SANTA MONICA, Calif.—The average cost of a cyber breach in 2015 was nearly $674,000—for now, according to NetDiligence’s latest cyber claims study.
Revealed at its Cyber Risk & Privacy Liability Forum here, the claims study is based on a sampling of 160 cyber liability claims, with a claim range of zero to $15 million. Claims involving the loss of records containing personal identifiable information made up the most (45 percent). Nearly a third involved hackers.
NetDiligence said the dataset, received from about 20 insurers, includes some claims that have not yet been paid. The average could rise to $1.1 million assuming self-insured retentions are met.

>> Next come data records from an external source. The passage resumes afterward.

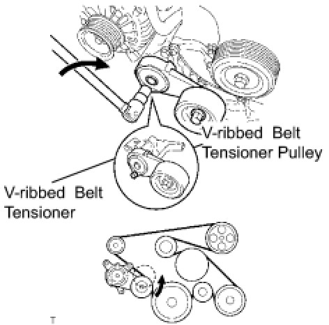 Install the V belt onto each pulley and finally install the V belt onto the V-ribbed belt tensioner.
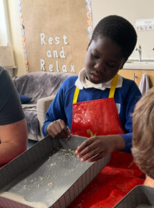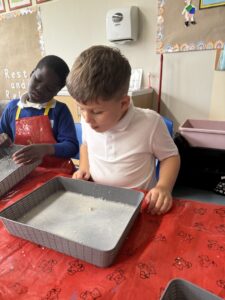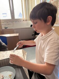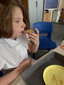 We decorated some biscuits – using our knives to spread the icing then adding some sprinkles.
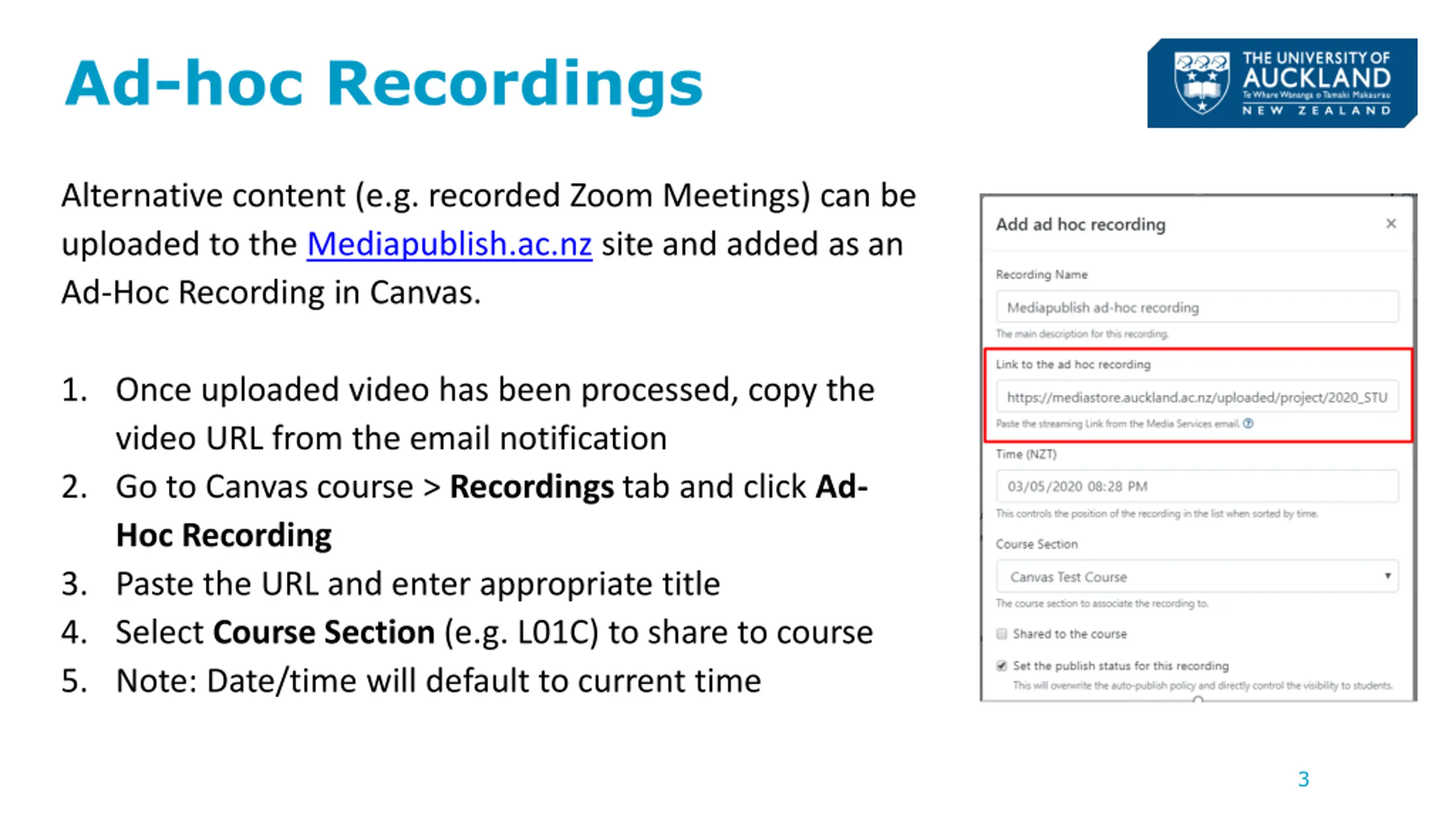 Ad-hoc Recordings Alternative content (e.g. recorded Zoom Meetings) can be uploaded to the Mediapublish.ac.nz site and added as an Ad-Hoc Recording in Canvas. 1. Once uploaded video has been processed, copy the video URL from the email notification 2. Go to Canvas course > Recordings tab and click Ad- Hoc Recording 3. Paste the URL and enter appropriate title 4. Select Course Section (e.g. L01C) to share to course 5. Note: Date/time will default to current time 3
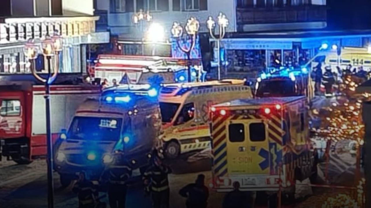 İsviçre medyası tarafından yayınlanan görüntülerde alevler içinde bir bina ve karanlıkta çığlık atarak koşan insanlar görülüyor.
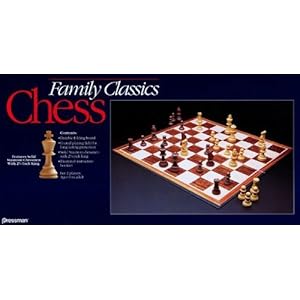 Chess: Family Classics Edition. Features heavy-duty folding board, solid Staunton chess pieces with a 2.63" King and rules. For 2 players, ages 8 to adult.
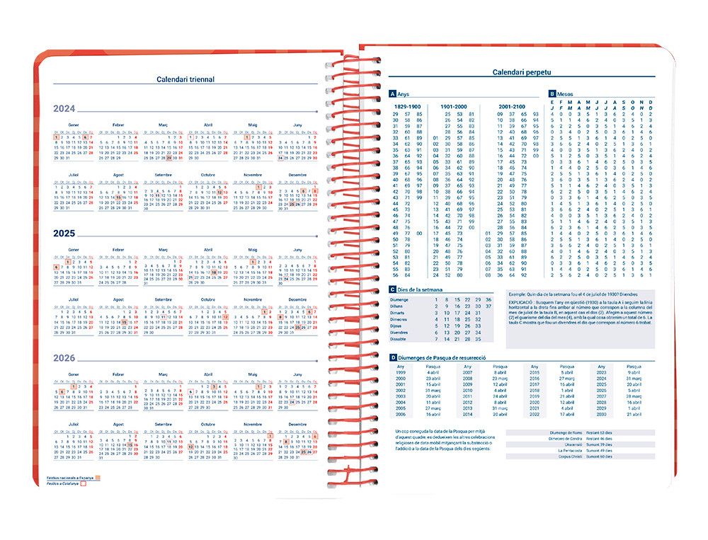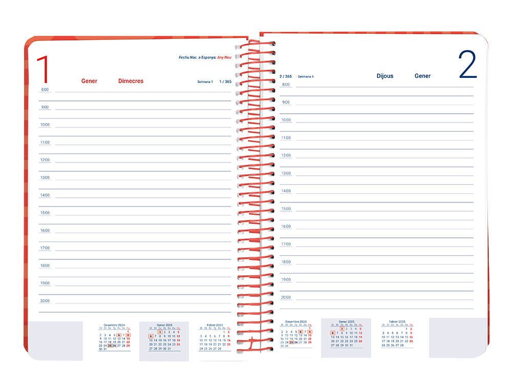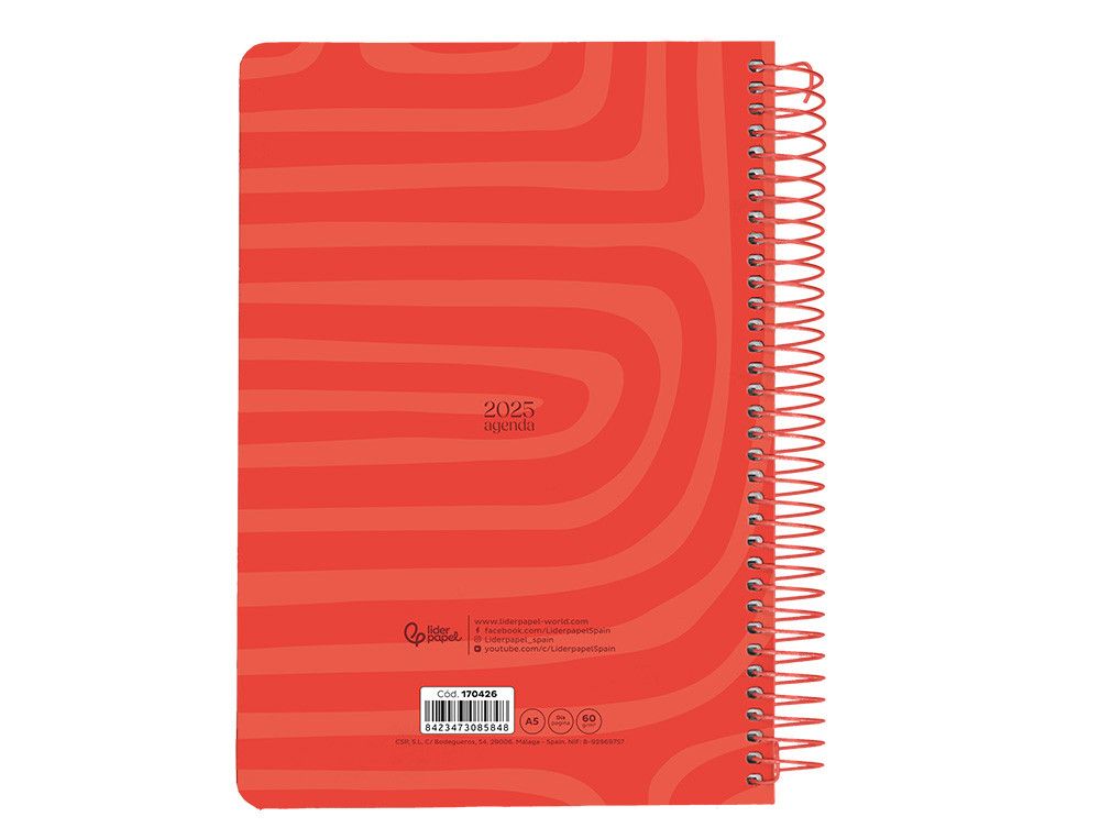 Agenda espiral liderpapel syros A5 2025 día página color rojo papel 60 gr catalan
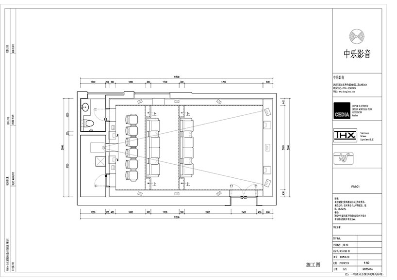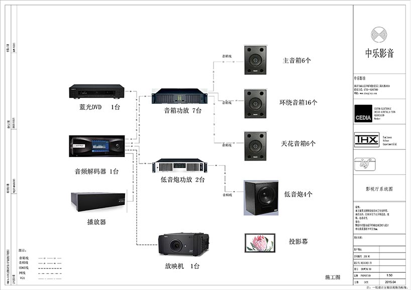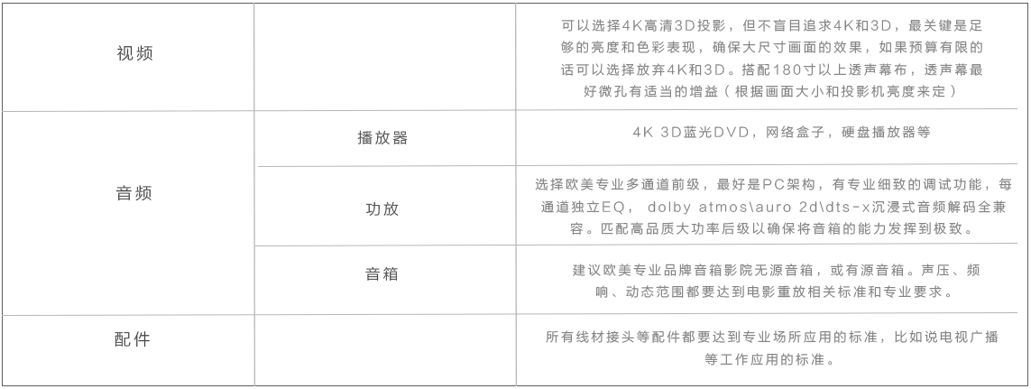 專業級的家庭影院對聲學環境有較高的要求,需要獨立房間,長寬比例需遵循聲學要求,為確保影院效果,建議房間面積約為25m2--80m2,層高為3m以上 。

“It is virtually certain that additional payouts will be made on a significant portion of the claims in our dataset and therefore the costs in this study are almost certainly understated,” read the report.
For samples in the pool of 160 claims that reported both the number of records involved in the incident and cost, the average cost per record was about $964—a slight increase from an average of about $956 reported a year ago.
With the help of NetDiligence, Verizon said it looked at the average cost per record from a breach and found it isn’t constant and can be inversely related to the number of records.
“Small breaches could have costs that skyrocket into tens of thousands of dollars per record, while very large breaches (millions of records) will have their cost per record drop down to just pennies per record,” Verizon said. “Any simple cost-per-record estimate will greatly underestimate the costs for small breaches and grossly overstate the losses from larger breaches.”
NetDiligence concluded the average legal costs were about $434,000 and the average settlement was $880,800. The average cost of crisis services was $500,000, with a median total of $60,000.
The report, for the first time, delves into organization size. Smaller organizations made up most of the claims, with organizations with revenue of less than $50 million accounting for 28 percent and organizations with a revenue range of $50 million to $2 billion making up 43 percent.
Symantec, a sponsor of the report, added some comments: “Why smaller organization? These organizations tend to be operating with the tightest budget for security and staff, they have business connections to larger companies through partnerships and products, and the data they are storing and transmitting is still very useful to nefarious individuals.”
Attacks on smaller companies can cause other incidents and claims. Symantec called for data to analyze how far one attack on a small business can travel into the industry around it.